Den Rest des Mahles verbrachte ich schweigend, immer wieder Legolas scheinbar prüfende Blicke auf meinem Ich spürend. Umso erleichterter war ich, als die Tafel aufgehoben wurde und ich mich mit der Entschuldigung der Müdigkeit in mein Zimmer verziehen konnte.
Die ganze Nacht lang hatte ich nicht gut geschlafen. Zu ungewohnt war das Bett und zu besorgt mein Herz, wenn es an den morgigen Ausflug mit Legolas dachte. Wie ein Störenfried kam ich mir vor. Legolas, von seinem Vater dazu verdonnert, sich um die kleine Tochter seines Freundes zu kümmern, obwohl er besseres mit seiner Zeit anzufangen wusste. Prima!
Nun stand ich hier am Fenster, übernächtigt und aufgeregt, jedoch beruhigte mich die Aussicht auf die Elbensiedlung und die frische Morgenluft, die vom Garten her hinüber wehte, ein wenig. Was war schon dabei, einen Rundgang über das Anwesen zu machen? Ich konnte Legolas ja schnell wieder entlassen. Meinetwegen musste er nicht die ganze Zeit mit mir verbringen, wenn er nicht wollte. Warum war ich also aufgeregt?
Es klopfte.
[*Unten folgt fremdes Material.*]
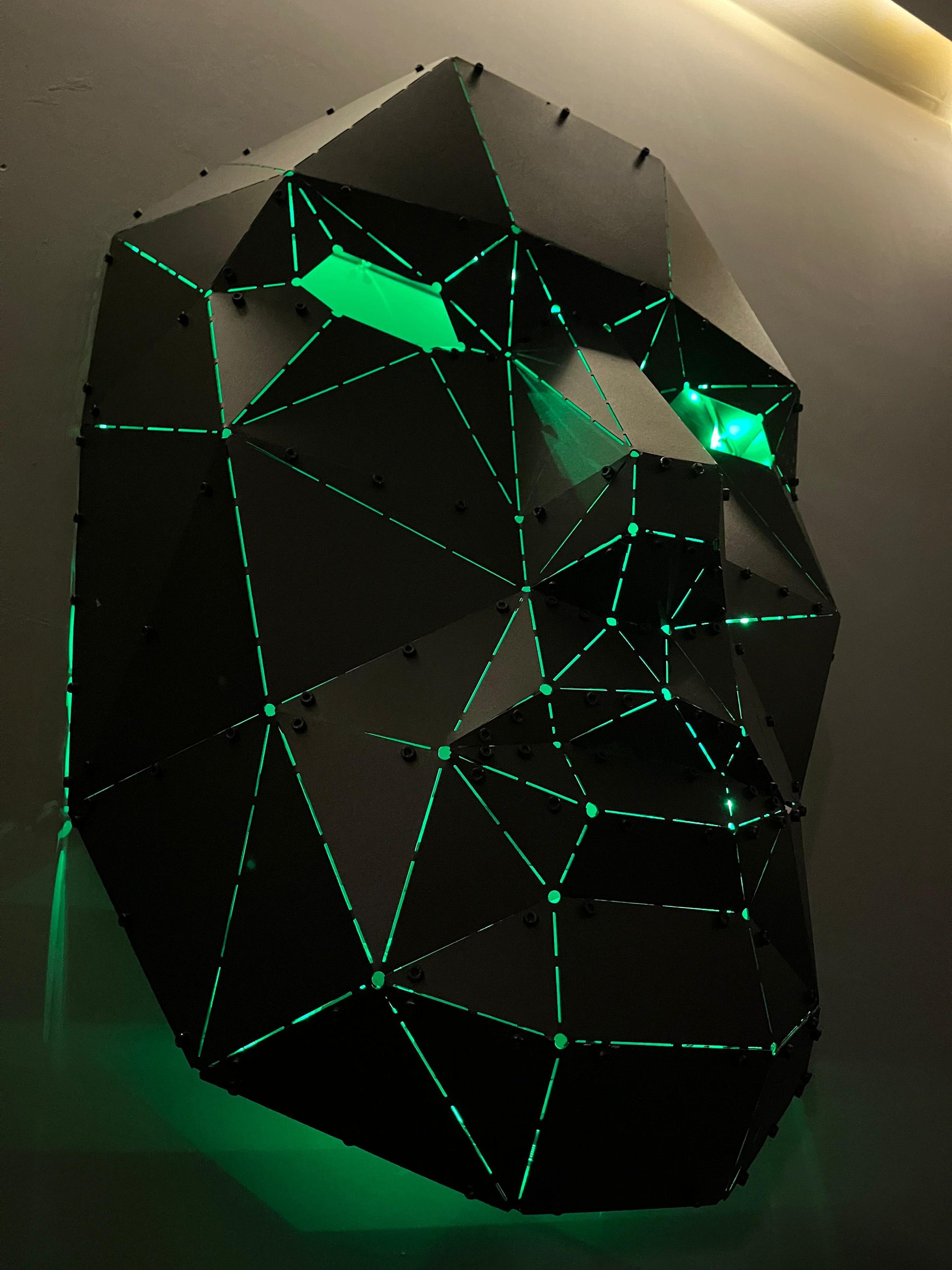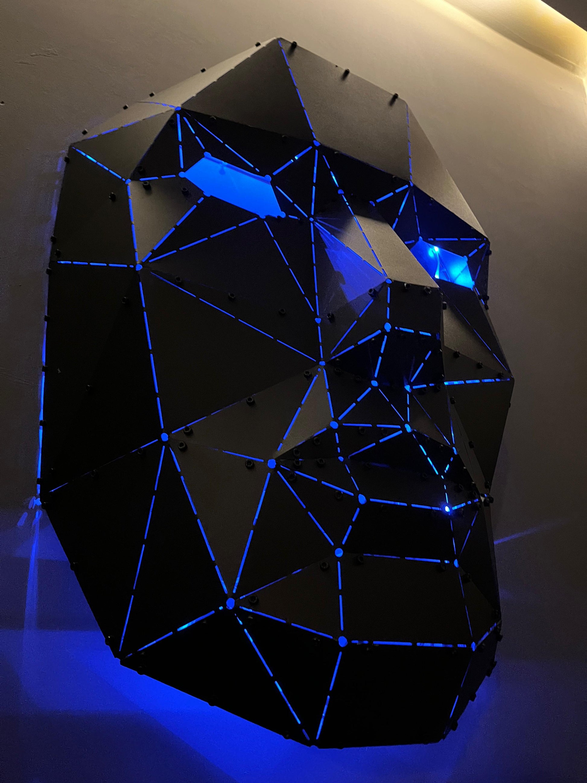This unique geometric face mask combines sharp edges, futuristic lines, and LED lighting to bring a captivating atmosphere to any space. It transforms into a stunning light installation at night, while standing out as a modern art piece during the day.

Ich strich mir noch mal die Haare glatt, antwortete dann: „Herein!“
„Guten Morgen, Minuil, seid ihr bereit für unseren Ausflug?“ Legolas trat ein. Er schien etwas bessere Laune zu haben als am Abend zuvor.
„Ja.“ Auf geht’s! dachte ich sarkastisch und folgte dem Elb, der mir galant die Tür aufhielt und mich schließlich nach draußen führte.